Tendou shrugs. “They’re the ones devouring souls left and right like it’s no one’s business. Stupid brutes are consuming souls faster than Wakatoshi-kun can make them. Would nature really go haywire once those who are out to destroy everything in it are erased from existence?”
“You know that’s not how it works.”
“Then how does it work, huh, Eita-ku—”
“Silence.”
You didn’t know that it was possible, but the pitch of Ushijima’s voice dips even lower when he utters that single word that has everyone in the room cowering at his authority. Even Hayato and Soekawa have paused to take a look at what’s going on in their side of the kitchen. Ushijima’s face remains unperturbed even after his assertion and the room is plunged into pregnant silence, not a soul daring to speak after Ushijima himself. But the tension is ultimately shattered when the kitchen doors fling open to reveal Kawanishi poking his head from the entrance.
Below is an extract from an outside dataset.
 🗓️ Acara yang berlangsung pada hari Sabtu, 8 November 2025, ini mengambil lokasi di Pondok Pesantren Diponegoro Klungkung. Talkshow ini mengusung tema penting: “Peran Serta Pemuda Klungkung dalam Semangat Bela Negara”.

“Oi, (Name), your favorite customer placed a milk bread delivery again,” Kawanishi shamelessly announces. If he noticed the tense atmosphere, he doesn’t show it.
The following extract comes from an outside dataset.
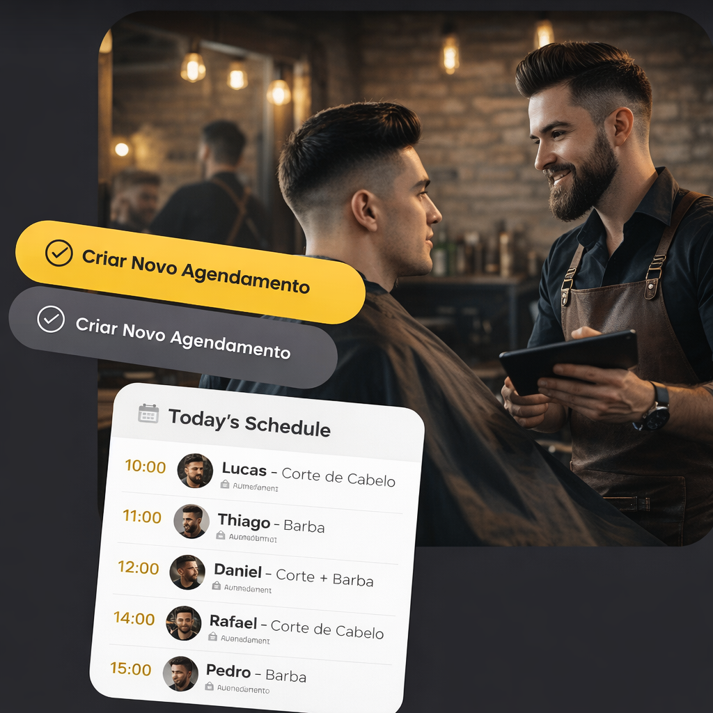 Gerencie agendamentos, clientes e horários da sua barbearia direto do celular ou computador. Tenha controle total da sua agenda em poucos cliques.

It was all too much. You couldn’t bring yourself to stomach every word that the three men had fed you. Seraphim? What is this, some fantasy series? What would angels be accomplishing by running a damn bakery? Hearing Kawanishi spouting something about deliveries makes you have some semblance of normalcy to grab onto, and you want nothing more than to take it. This was probably just some sick joke that they managed Ushijima to go along with to spite you. And a demon king injuring Shirabu? You’ve never heard of that story before. Without so much as a backwards glance, you head over to the front with Kawanishi, pushing all thoughts of seraphim, and the demon king, and Shirabu’s bruise at the back of your mind.
Kawanishi is silent when he places two packaged loaves of your signature milk bread in a paper bag, and you’re glad he doesn’t probe you for any reaction about the scene from earlier. At the back of your mind, you wonder if he’s in on their game. Did he notice what was going on back there? Is he going to convince you that he’s seraphim, too?
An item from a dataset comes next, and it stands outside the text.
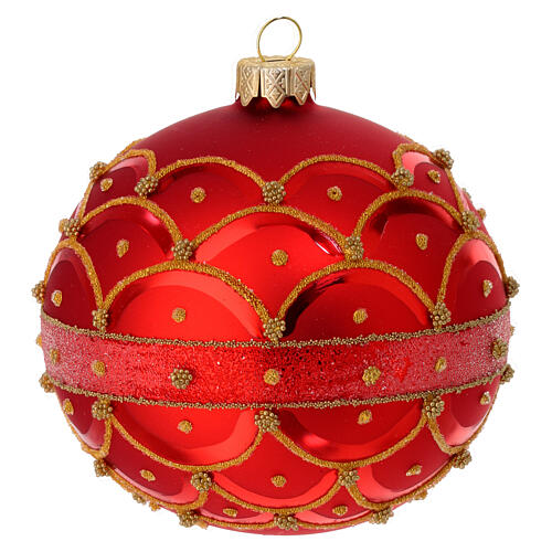 Pallina Natale vetro soffiato rosso satinato decorata glitter oro 100 mm

But Kawanishi has never been the confrontational type. Instead, he writes up the receipt for the order as usual, tears it from the pad and hands it to you. “If he asks for another discount, you can tell him to piss off.”
“That’s not very nice.”
“It’s not very nice to keep ripping the shop off by charging the guy less than the actual price just because you think he’s cute either.”
Your face heats up at his accusation. “I-it’s not like that! He’s just been such a frequent customer. H-he deserves a little mark down, don’t you think?”
Kawanishi stares at you, unimpressed. “I’m pretty sure he never drops by the shop and prefers deliveries because he’s only interested in you.”
“Shut up, Taichi.”
***
You park the shop’s delivery motorcycle by the curb of one of the most lavish houses in the neighborhood. You don’t spend a lot of time in this part of the city out of your usual deliveries to this one business tycoon. The man seems to have taken a liking to the milk bread which no one in the shop makes better than you do. He hasn’t really given you his name, but he told you that he earned the nickname ‘Grand King’. You snorted at that and insisted on calling him King instead.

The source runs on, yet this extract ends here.